**GIVEN MATERIAL:**
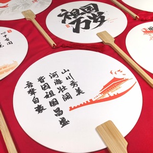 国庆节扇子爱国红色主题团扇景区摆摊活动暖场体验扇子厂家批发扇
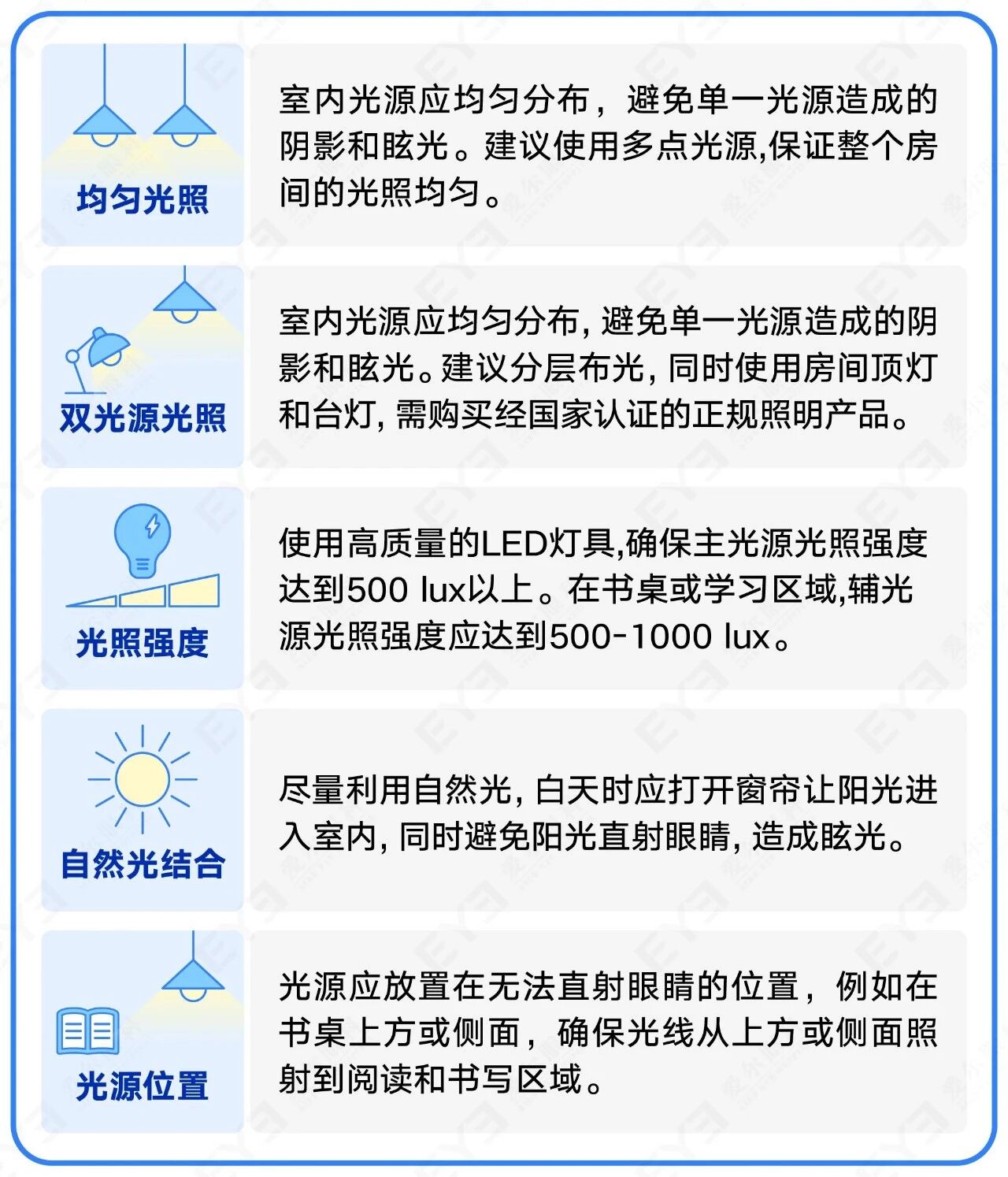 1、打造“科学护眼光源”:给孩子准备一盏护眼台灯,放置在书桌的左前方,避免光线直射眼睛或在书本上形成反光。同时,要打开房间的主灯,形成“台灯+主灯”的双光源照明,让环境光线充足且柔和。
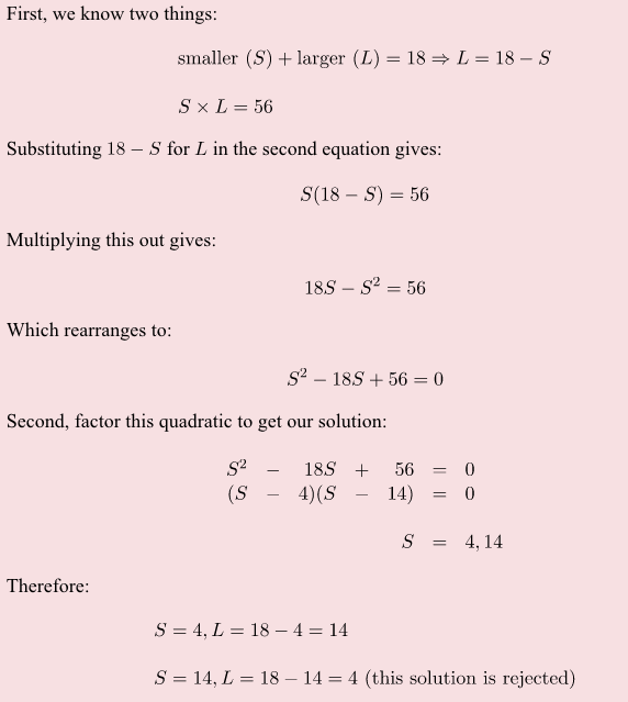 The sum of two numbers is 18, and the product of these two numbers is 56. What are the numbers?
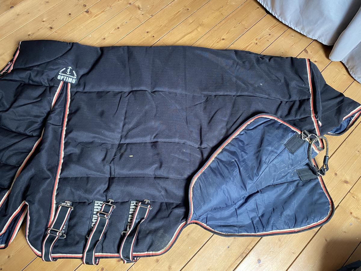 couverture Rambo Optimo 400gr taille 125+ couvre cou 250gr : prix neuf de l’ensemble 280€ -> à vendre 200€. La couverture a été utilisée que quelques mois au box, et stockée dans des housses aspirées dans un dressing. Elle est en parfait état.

**YOUR GOAL:** Quote the material exactly. Pictures stay out.

**TASK ANSWER:**
 国庆节扇子爱国红色主题团扇景区摆摊活动暖场体验扇子厂家批发扇
 1、打造“科学护眼光源”:给孩子准备一盏护眼台灯,放置在书桌的左前方,避免光线直射眼睛或在书本上形成反光。同时,要打开房间的主灯,形成“台灯+主灯”的双光源照明,让环境光线充足且柔和。
 The sum of two numbers is 18, and the product of these two numbers is 56. What are the numbers?
 couverture Rambo Optimo 400gr taille 125+ couvre cou 250gr : prix neuf de l’ensemble 280€ -> à vendre 200€. La couverture a été utilisée que quelques mois au box, et stockée dans des housses aspirées dans un dressing. Elle est en parfait état.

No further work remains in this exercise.